Edward had also invited his childhood friend and her grandmother to the be there at the baptizing.
However, the fact that this was a baptism was unbeknownst to Winry and her grandmother.

"Geez...what do you think is so important that Ed would call us both to central for?" Winry grumbled as she carried her usual tote bag along side her.

"Is his auto-mail busted again?" her grandmother inquired.

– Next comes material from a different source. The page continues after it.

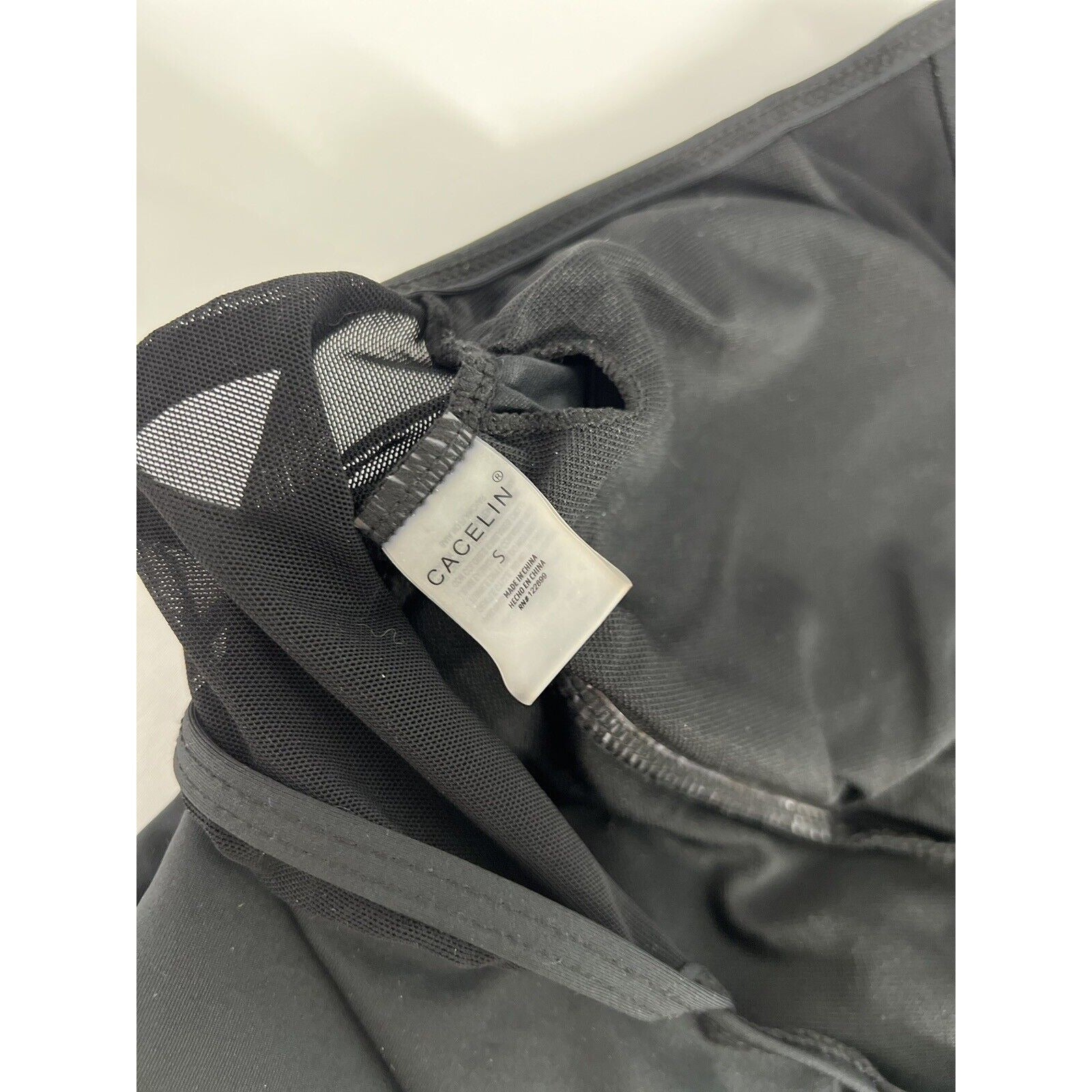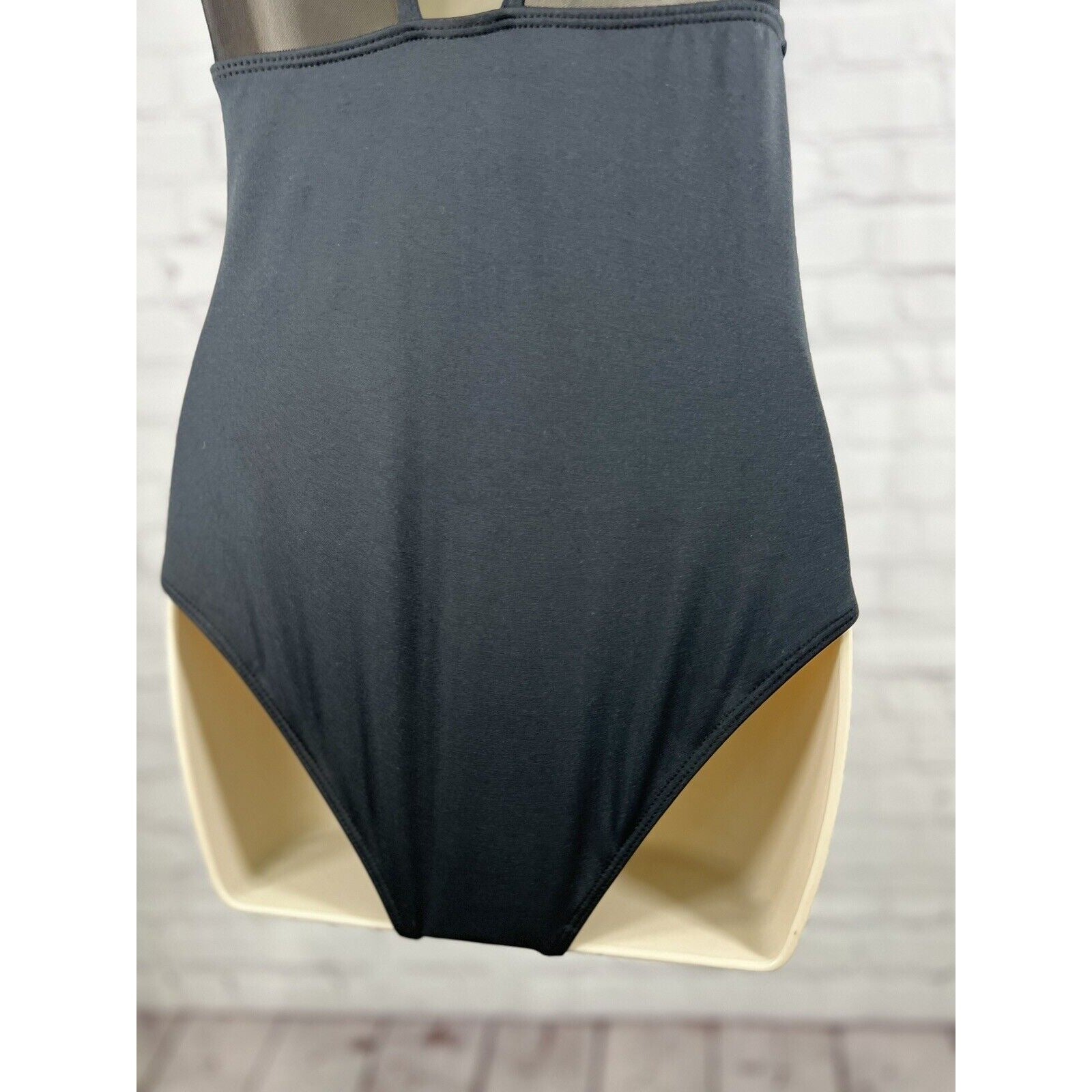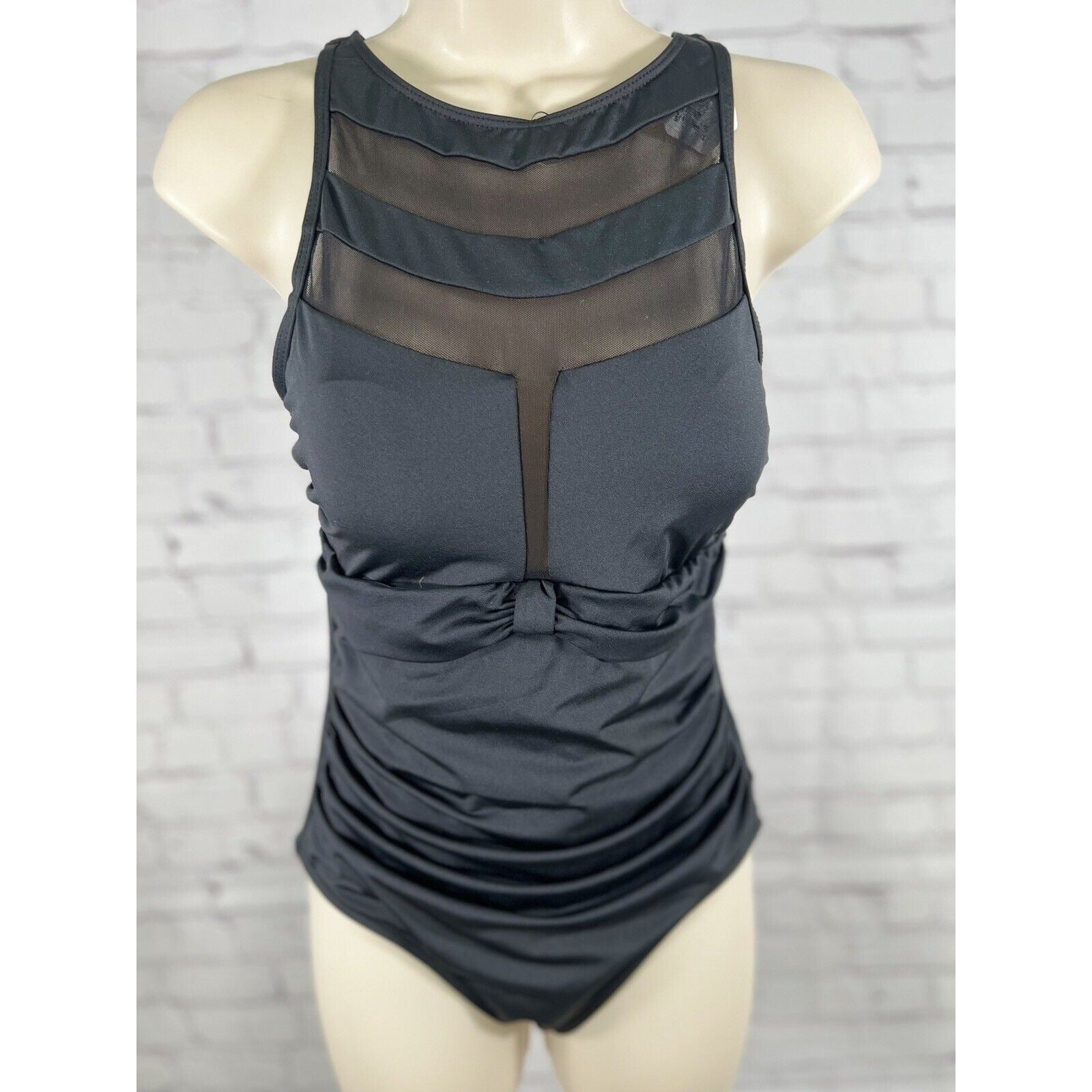 NWOT Cacelin Black Mesh High Neck Deep V Ruching One Piece Women's Swimsuit S

"No...when he called that was the first thing I asked him."

"Well it must be pretty important. We haven't heard from him in just over nine months."

And apparently they didn't know about the fact that Ed was married to Armstrong had beared a daughter with him.

"Well..." Winry started. "If this is some kind of joke...I have an old friend Edward can say hello to..." Winry's eyes twinkled menacingly as she pulled her wrench.

Meanwhile...

"Oh my sweetest dearest! I eagerly await when our darling Louise Trisha Armstrong Elric is baptized on this most blessed of days!" Armstrong exclaimed as he when into one of is bone-crushing hugs onto his wife Edward Elric.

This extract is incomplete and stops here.